Everyone was thinking the same thing now—the whole table bound together in silent agony, everyone struggling against the surface viscosity of the silence, like a table full of water bugs squirting around a dark pond, like a table of slow-motion scuba divers floating away on a deadly current of silence.
It was finally Sam who put down his cutlery with a flourish. And everyone thought,
Thank God,
turning and looking at him with relief and expectation and great hope.
Sam smiled at them all and said, “You know what really
pisses me off?

Morley saw Susan clutch her knife and fork, and watched her check her children’s reactions: Matthew, his brow furrowed—puzzled; Jennifer staring at Sam with a mixture of awe, respect, disbelief . . . and
ohmigod
. . . approval!
Not twenty minutes later, just when she thought things couldn’t get worse, Morley caught Susan frowning at the floor by the stove. Morley followed her eyes to the crack between the stove and the kitchen counter and saw what had caught Susan’s attention, a forgotten Roach Motel, lying there like a pile of dirty laundry.

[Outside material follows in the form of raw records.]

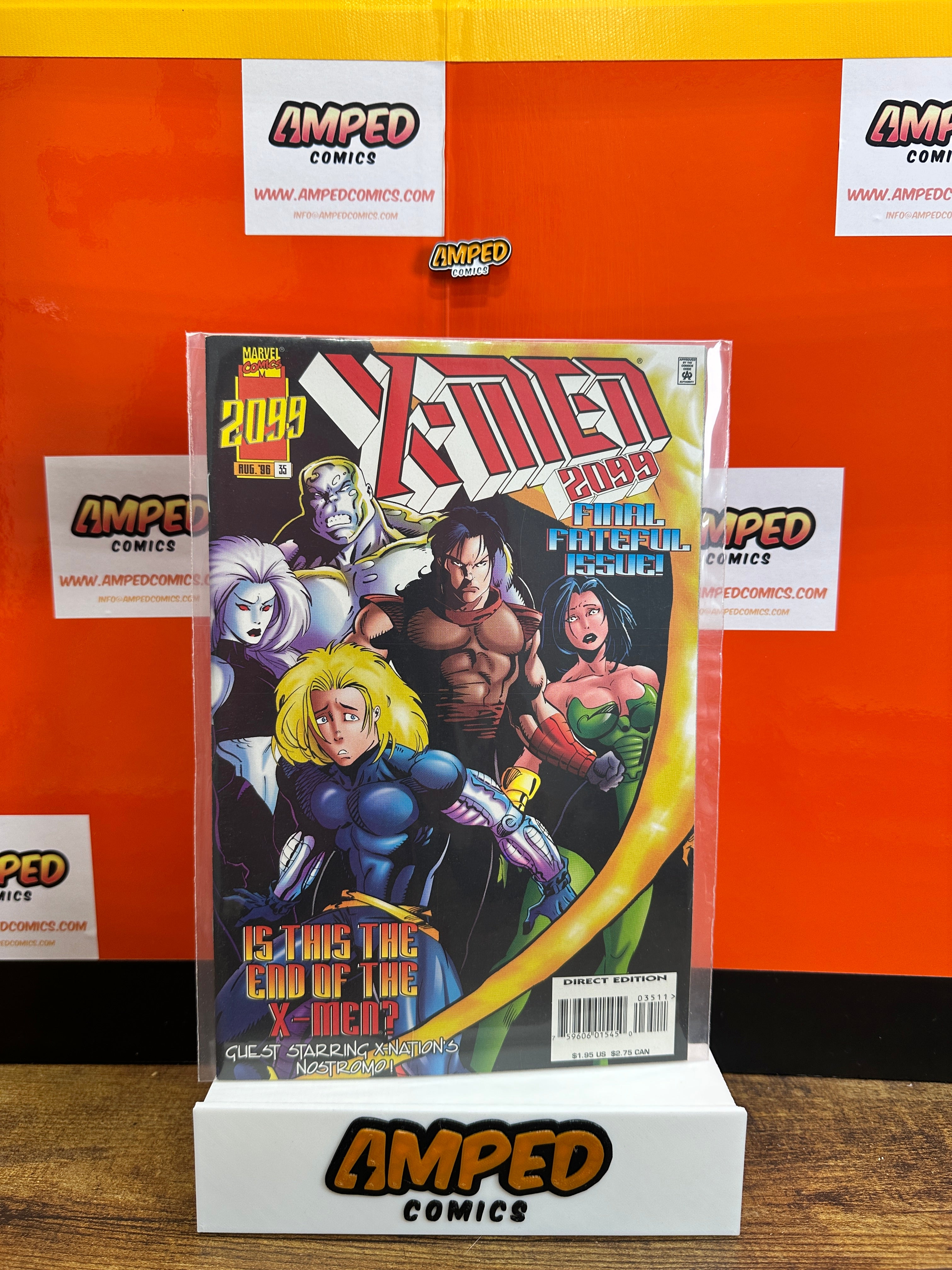 X-Men 2099 #35, published by Marvel Comics in August 1996. This issue is the final installment of the X-Men 2099 series and features appearances by X-Nation's Nostromo. The cover art highlights key characters from the series.
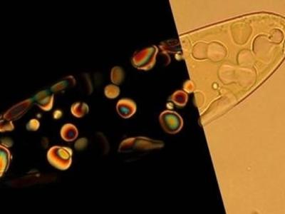图片显示的一滴浓缩的纳米-DNA,其中含有偏振光下才能看到的液晶滴(左侧)。这些液...
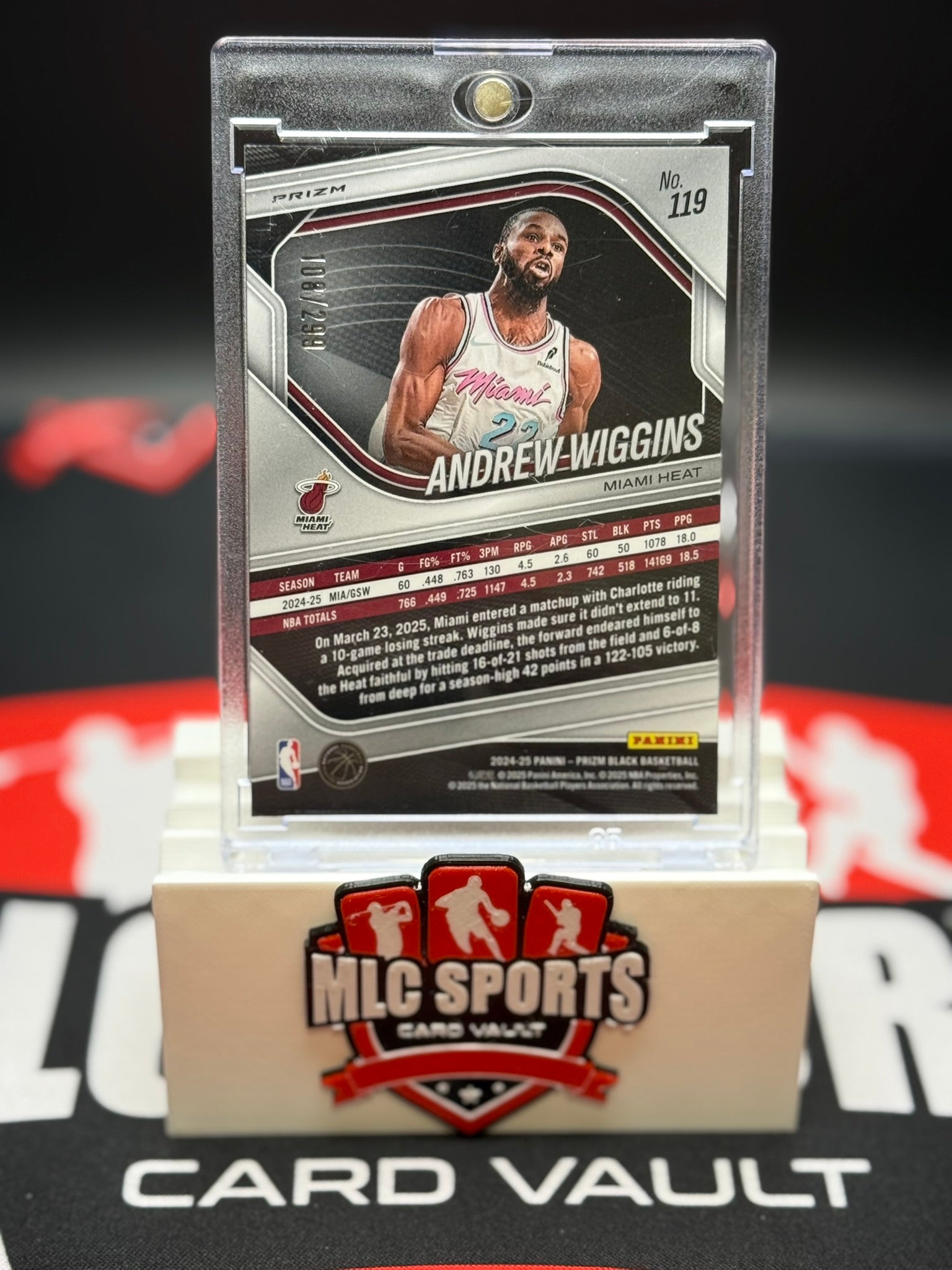 Featuring Wiggins in his Miami Heat uniform, this serial-numbered 108/299 Prizm card combines the sleek metallic finish of the Black set with a vibrant red foil border. Known for his two-way play and smooth scoring, Wiggins continues to be one of the most dynamic small forwards in the NBA.

An hour later Morley came into the kitchen to fill her coffee cup and Susan was wiping the counter with a sponge. Susan looked up and smiled self-consciously.

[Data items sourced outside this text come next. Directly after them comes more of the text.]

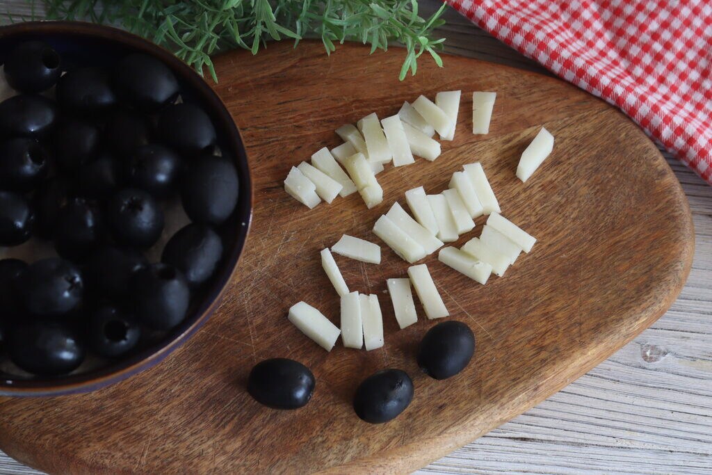 Je précise que j’achète les olives déjà dénoyautées (vous vous souvenez de ce que nous avons déjà dit il y a quelques jours ? En cuisine, il faut optimiser le temps et parfois se faire aider par la technologie), je coupe le fromage en bâtonnets, ajustez-vous avec le petit trou des olives pour insérer le fromage. Je prépare les olives farcies et je les laisse de côté.
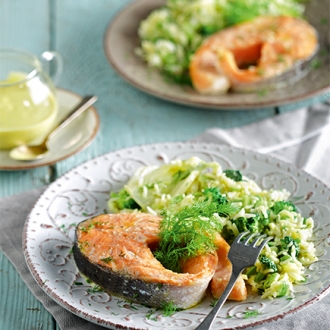 Κόβουμε σε μεγάλα κομμάτια τα φιλέτα ψαριού, τα αλατίζουμε και τα αφήνουμε στο ψυγείο μέχρι να τα χρησιμοποιήσουμε. Σάλτσα: Χτυπάμε τα υλικά της σάλτσας για 2 λεπτά στο μπλέντερ και την αφήνουμε στην άκρη. Ρυζοσαλάτα: Σε μια μέτρια κατσαρόλα βράζουμε το νερό με το αλάτι και τη δάφνη και όταν αρχίσει να κοχλάζει, ρίχνουμε το ρύζι. Χαμηλώνουμε τη φωτιά και σιγοβράζουμε με μισόκλειστο καπάκι μέχρι να γίνει το ρύζι. Το σουρώνουμε και το ξεπλένουμε με κρύο νερό. Το αφήνουμε να στραγγίσει και το αδειάζουμε σε ένα μεγάλο μπολ. Ρίχνουμε μέσα τα λαχανικά και τα 2/3 της σάλτσας, ανακατεύουμε, σκεπάζουμε με διάφανη μεμβράνη και αφήνουμε τη σαλάτα στο ψυγείο μέχρι να τη σερβίρουμε. Διατηρείτε έως 2 μέρες. Ψάρι: Προθερμαίνουμε τον φούρνο στους 180° C. Παίρνουμε ένα μεγάλο ταψί που να χωράνε ακριβώς τα φιλέτα, τα λαδώνουμε καλά και τα ψήνουμε για 5-8 λεπτά ανάλογα με το πάχος. Βγάζουμε από τον φούρνο, περιχύνουμε με την υπόλοιπη σάλτσα και σερβίρουμε με τη ρυζοσαλάτα, δροσερή από το ψυγείο ή σε θερμοκρασία δωματίου. TIPS • Μπορούμε να χρησιμοποιήσουμε οποιαδήποτε λαχανικά εποχής, ωμά και ψιλοκομμένα ή βρασμένα στον ατμό για 2-3 λεπτά. Επίσης, ταιριάζει πολύ η κάππαρη ή οι πράσινες ελιές, ψιλοκομμένες. Αλλά και ο βασιλικός, με κυβάκια ντομάτας και ελιές μαύρες. • Μπορούμε να αντικαταστήσουμε το ψάρι με αμύγδαλα καβουρντισμένα και μανιτάρια ή να κάνουμε τη ρυζοσαλάτα ακόμα πιο πλούσια σε λαχανικά. Το μυστικό στη ρυζοσαλάτα είναι το λεμόνι!
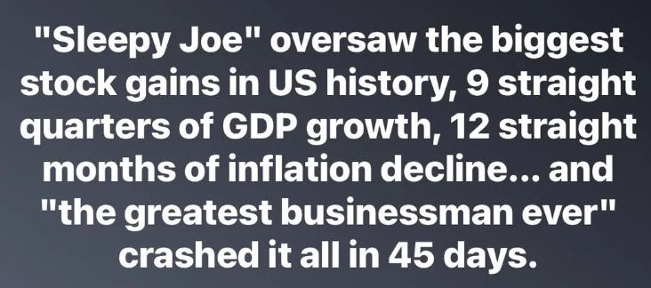 The Trumpcession is here, it is 100% his fault and everyone knows it. His polls numbers are tanking fast.

“I was just wiping the counter,” she said unnecessarily.
They both stared at the sponge awkwardly and then back at each other. Both remembering that twenty-five years ago, when they lived together, everyone always knew Susan was upset when she began to clean compulsively.
The next night Stephanie came bouncing down the stairs when she was called to dinner, but there was no Jennifer.
“Where’s Jennifer?” asked Morley.
“I lent her one of my tops,” said Stephanie. “She’s getting changed.”
When Jennifer came downstairs she was wearing Stephanie’s yellow lip gloss and a matching yellow halter top. She dropped into her seat and arched her back coyly, which made the tank top inch up her midriff, exposing her navel.
No one said anything.
Jennifer picked up her fork, looked around the silent table and said, “You know what really pisses
me
off ?”
Susan picked up a napkin and started to polish her spoon.
After dinner Morley walked into the kitchen, and Susan was standing by the sink with her hands behind her back. Morley pretended not to see the can of cleanser Susan was hiding. She had been washing the table.